*TASK TO COMPLETE*
Your output must be the lines below from the line containing "4 MINI PUZZLES" to the line containing "1. The Stabilo", both lines included, reproduced exactly and without pictures.

[[ DATA FOR THIS EXERCISE open ]]

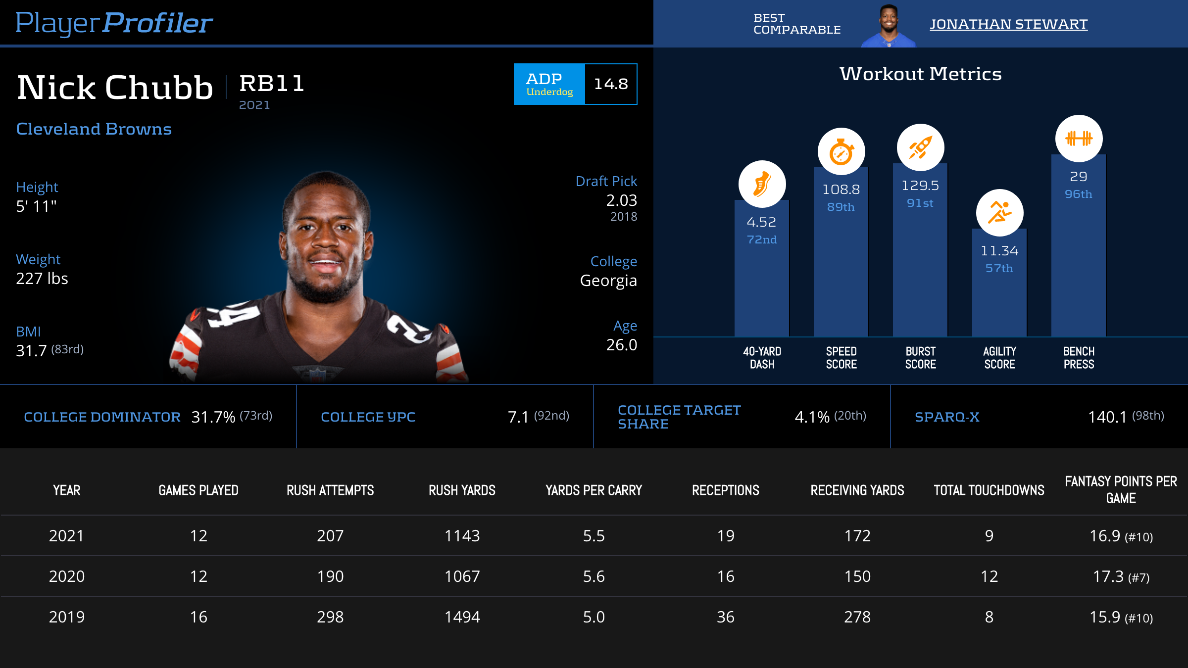 Nick Chubb is trying his best to bring his managers a title, scoring 16.3 and 27.4 fantasy points over the last two weeks. The elite playmaker has yet again shown phenomenal efficiency, cracking a 35-percent Juke Rate and 5 True Yards per Carry for the second straight season. He is a lock for a big week against a struggling Steelers rush defense.
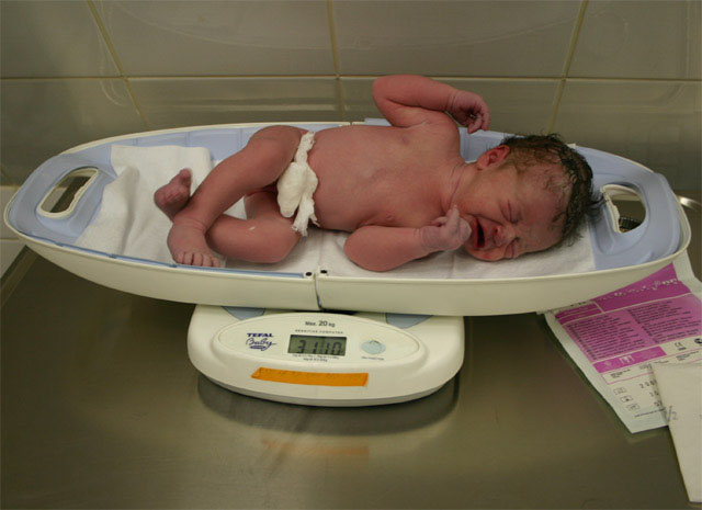 Наши фотки из роддома: Под лампой при осмотре неонатологом. На весах. В палате.
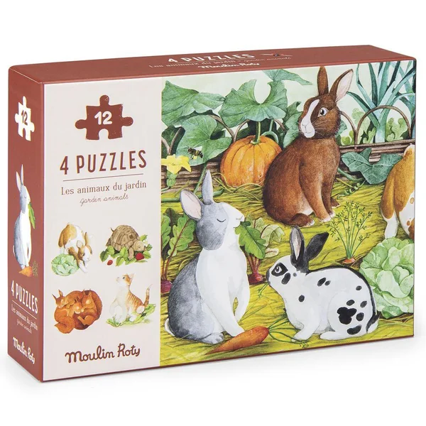 4 MINI PUZZLES DES ANIMAUX (4X12 PIECES) LE JARDIN DU MOULIN
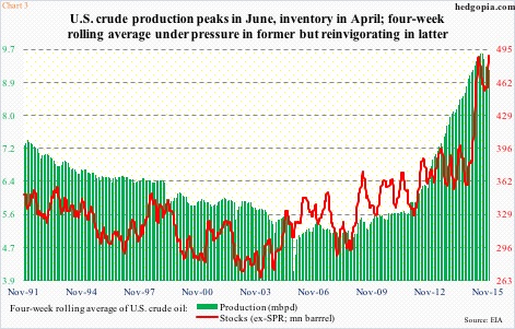 In fact, this was the 10th straight weekly increase in stocks, which earlier dipped to 450.8 million barrels in the August 21st week. The gradual increase has resulted in the four-week rolling average coming back to life again (Chart 3). The chart also plots production of crude oil, which has declined in recent weeks, but from a very elevated level.
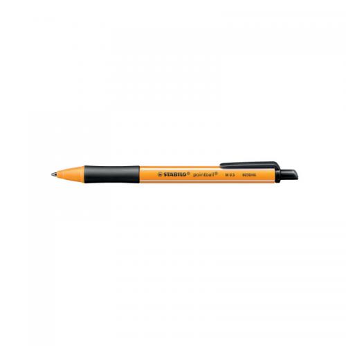 1. The Stabilo Pointball is a refillable and retractable ballpoint pen in the style of Stabilo point 88 with its orange and white stripes. The pen is manufactured from 79% recycled plastic and it is recyclable after use. The blue, black and green ink is document proof. Its non-slip grip zone helps fast and relaxed handwriting with a click mechanism that will not let you down. The pen has a medium tip with a line width of 0.5mm. The Stabilo pointball with long lasting, fast drying vivid ink colours is the ideal pen for school or office and a must have for any pencil case.
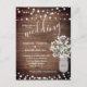 This affordable wedding design features dainty watercolor baby's breath flowers in a mason jar vase on a rustic wood background with string lights. Click the customize button for more flexibility in modifying the text. Variations of this design, different paper types, as well as coordinating products are available in our shop, zazzle.com/store/doodlelulu. Contact us if you need this design applied to a specific product to create your own unique matching item! Thank you so much for viewing a DoodleLulu by 2 june bugs design!
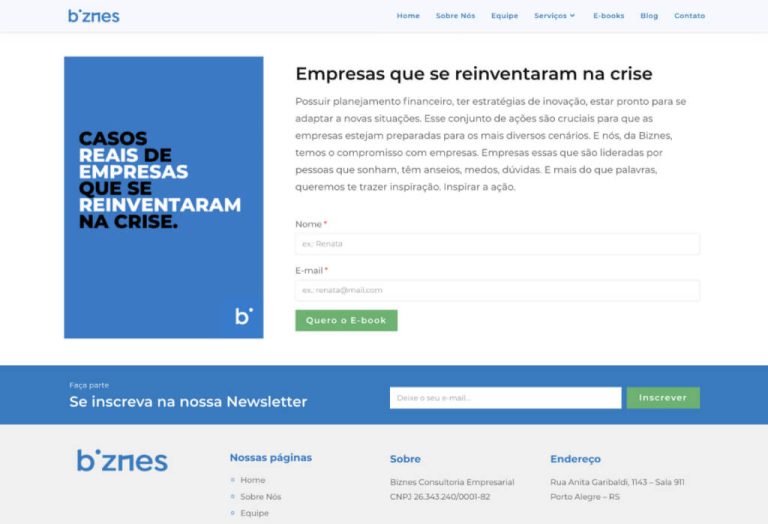 O projeto de desenvolver o site da Biznes Consultoria nos trouxe muita alegria. Primeiro porque o Bruno, proprietário, já conhecia nosso trabalho através do site da AGS. Segundo, porque ficamos sempre muito felizes com a entrada de novas histórias e projetos a serem produzidos.
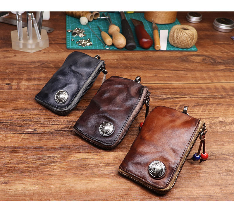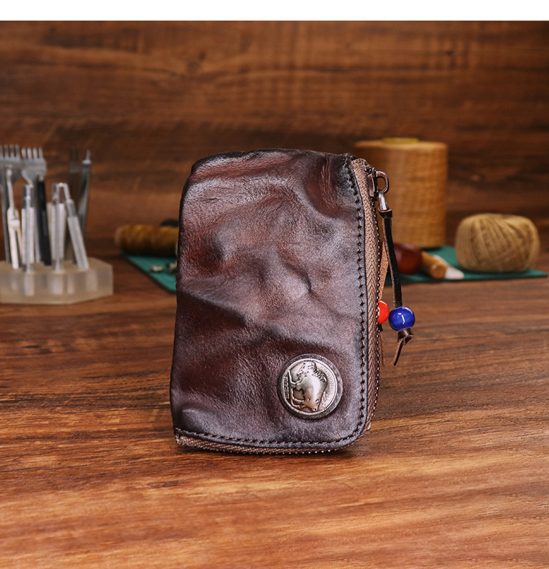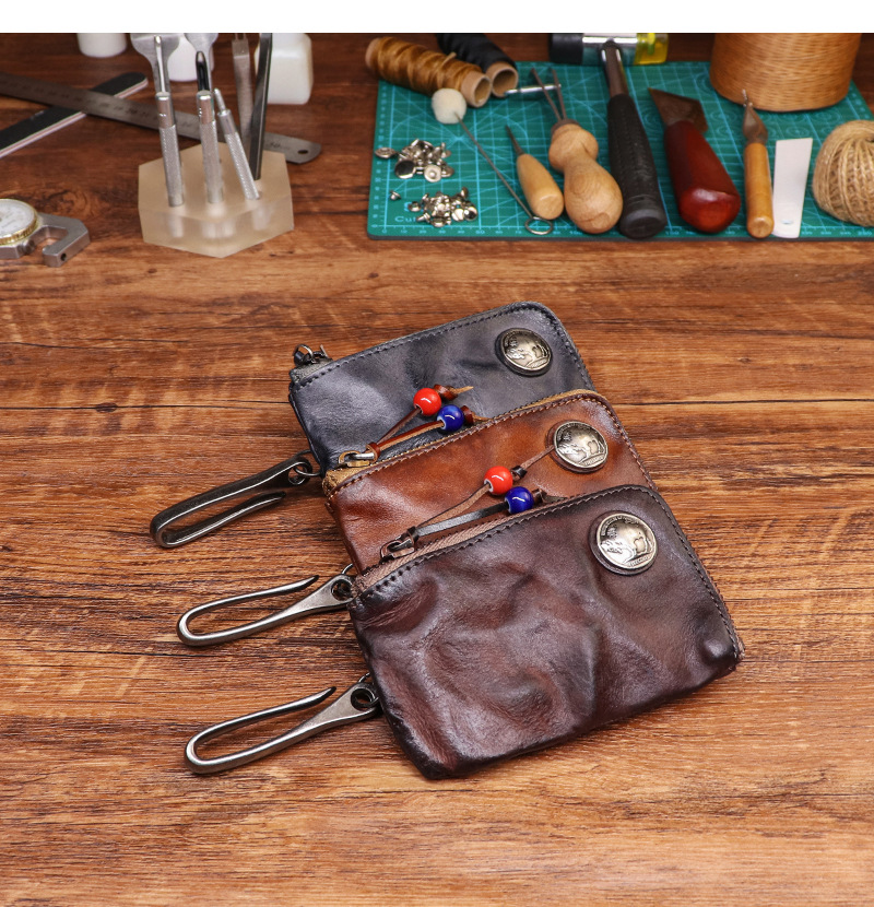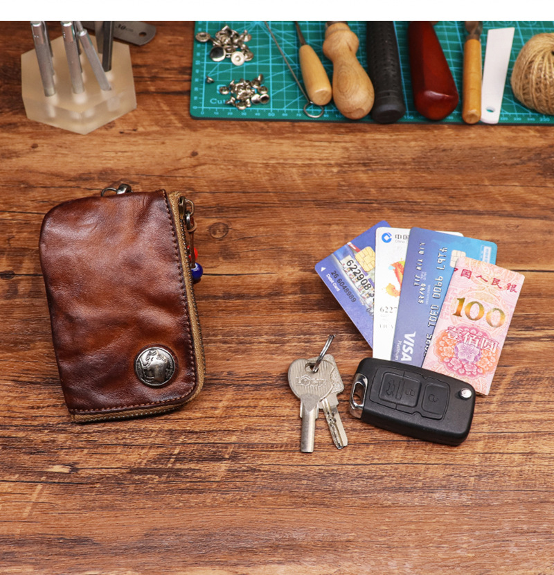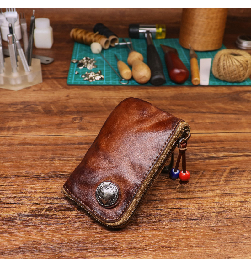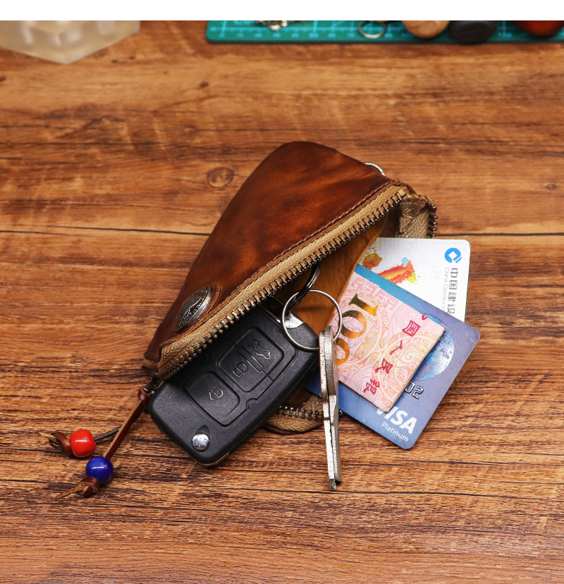 頭層植なめし革のキーホルダー女性が手で作った古い水洗い牛革の復古風ファスナー自動車のドア用キーホルダー男
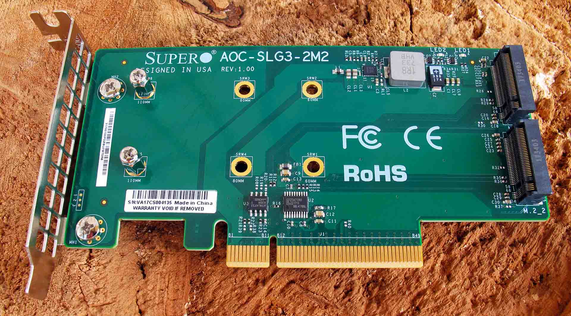 без управляющих контроллеров на борту адаптера Supermicro AOC-SLG3-2M2
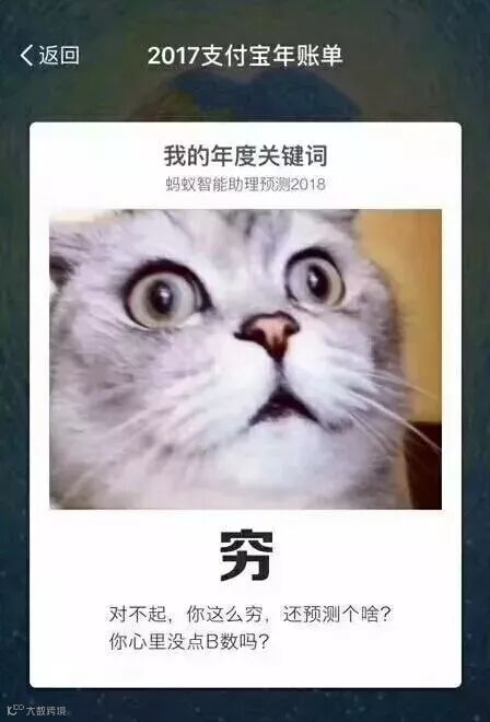 好了,烦心的事说完了,小金给大家说一说,有趣又开心的事吧~今年的支付宝账单来了点新创意,支付宝根据大数据运算,给每个人2017年的消费行为都来了一个关键词。
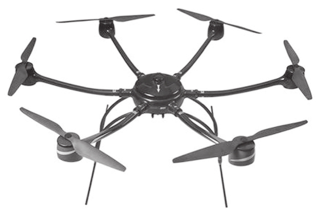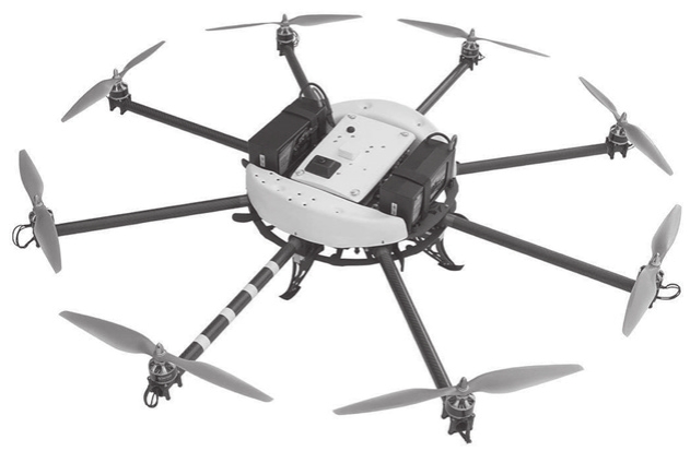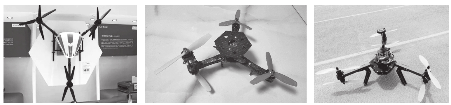 旋翼无人机结构简单,是将电动机直接连接螺旋桨,动力装置带动旋翼,通过改变螺旋桨的速度来改变拉力。旋翼无人机分为半自主和全自主控制方式,前者代表姿态、位置、高度等受控于飞控手,后者则可以完成储存在自驾仪里的预装订任务,飞控手只需要规划任务。固定翼无人机的技术已十分成熟,而旋翼无人机研究起步虽晚,但随着技术发展也可以用于各行各业。旋翼无人机是现如今科研领域中重要的研究对象之一,由旋翼个数不同而有所区分,如图1-35~图1-39所示。

[[ DATA FOR THIS EXERCISE closed ]]

*REPLY*
 4 MINI PUZZLES DES ANIMAUX (4X12 PIECES) LE JARDIN DU MOULIN
 In fact, this was the 10th straight weekly increase in stocks, which earlier dipped to 450.8 million barrels in the August 21st week. The gradual increase has resulted in the four-week rolling average coming back to life again (Chart 3). The chart also plots production of crude oil, which has declined in recent weeks, but from a very elevated level.
 1. The Stabilo Pointball is a refillable and retractable ballpoint pen in the style of Stabilo point 88 with its orange and white stripes. The pen is manufactured from 79% recycled plastic and it is recyclable after use. The blue, black and green ink is document proof. Its non-slip grip zone helps fast and relaxed handwriting with a click mechanism that will not let you down. The pen has a medium tip with a line width of 0.5mm. The Stabilo pointball with long lasting, fast drying vivid ink colours is the ideal pen for school or office and a must have for any pencil case.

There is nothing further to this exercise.